For a 26-year-old company approaching $1 billion in annual sales, Market America has faced few major legal issues. Securities and Exchange Commission records show Ridinger took the company public in 1994 in a reverse merger, buying the shell of a dormant company in order to sell stock without an initial public offering. Five years later, the SEC faulted the transaction and fined Market America $100,000, though the company did not admit any wrongdoing. In 2002, with the Ridingers then holding 79% of shares and revenue at $145 million, it reverted to private ownership. Sixteen years later, revenue has soared more than fivefold.

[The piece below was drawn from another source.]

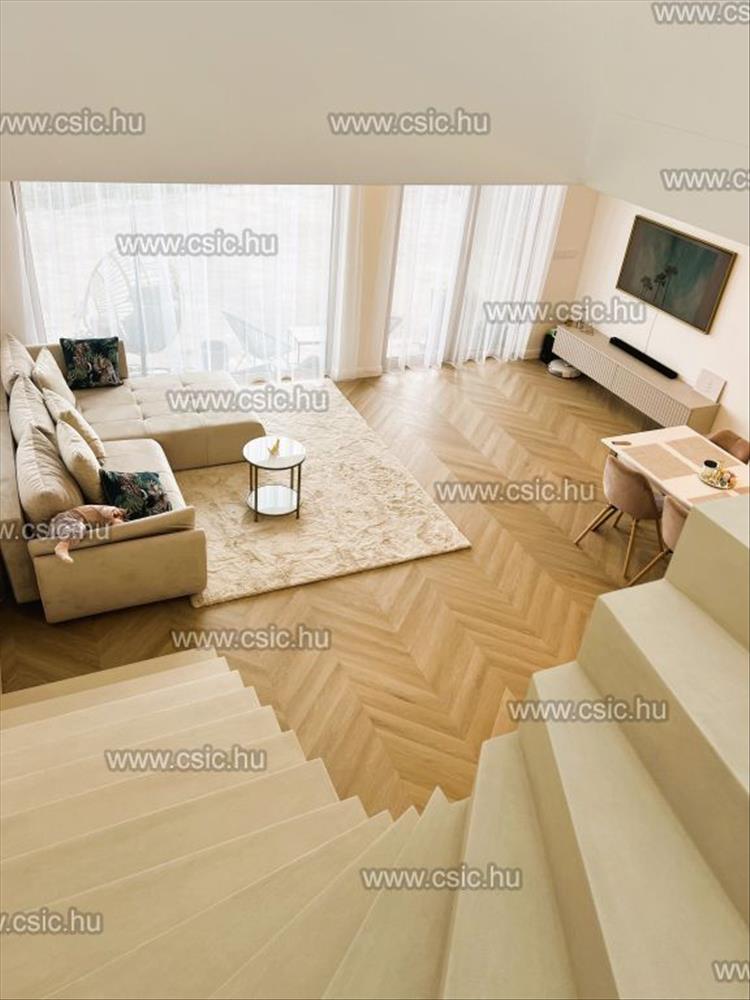 Belső 2 szintes kialakítás, dupla komfort 2 fürdőszobával, tágas penthouse jellegű terasz, panorámás erkélyek az emeleten.

A California class-action lawsuit filed in 2017 claims the company misled Chinese immigrants regarding fees, including a $399 startup payment and other costs required to maintain good standing, and exaggerated earning potential. The case is pending.
“You have some who come in and do nothing, they’re not going to make anything,” Ashley says. He and others stress the company isn’t a get-rich-quick scheme. “If you follow our proven business plan, you’ll succeed.” Adds Weber, the Charlotte-area $1-million-a-year distributor, “You get out of it what you put into it.”
A spokeswoman for the N.C. Attorney General’s Office says it has had three minor complaints, such as for product contamination. The Better Business Bureau has given the company awards for business ethics, and Kevin Hinterberger, president and CEO of the group’s Greensboro unit, has appeared on stage at company conventions. “Our experience is, when they do have a complaint, they handle it in fast order,” he says.
Now, on a summer day, the international flags out front flutter languidly, and Ashley talks about adding more banners. He’s just returned from an Asian tour, pumping the company on some of its fastest-growing turf.
There’s room here for expansion at the company’s site, though the city of Greensboro has claimed some land for road work.
“Now when was that?” he mulls to himself. “The older I get, the harder it is to keep track of time.” One date remains clear, though.
“When we started 26 years ago, in 1992, we had nothing,” he says. “Our biggest product was belief.”
It still is.
Focus on the family
Market America’s executive roster suggests it’s a classic family business. President Marc Ashley’s younger brother, Steve, is president of Monterey, Calif.-based Shop.com, whose original investors included Bill Gates and Amazon.com. Market America bought the business for an undisclosed sum in 2010. His sister, Brandi Ashley Quinn, is vice president of operations. His father, Scott, was an executive until his death in 2014.
Another sister, Loren, is married to co-founder JR Ridinger and senior executive vice president overseeing fashion, jewelry and cosmetics. Her job entails hobnobbing with Kim Kardashian, sports stars and other celebrities.
A second generation is also emerging. The Ridingers’ daughter, Amber, 25, has her own cosmetics line, launched when she turned 15. At her 2013 wedding to actor-model Duane McLaughlin in Puerto Rico, guests including Eva Longoria and Khloe Kardashian heard performances by Mary J. Blige and Marc Anthony, among others. Fashion-industry publications pegged the event’s cost at $5 million. Amber and McLaughlin also co-founded the DNA Miracles line of wellness products.
“Amber is the type of person who can accomplish anything she puts her mind to, but what makes her different from others is the fact that she actually follows through and makes it happen,” JR Ridinger wrote in a February blog.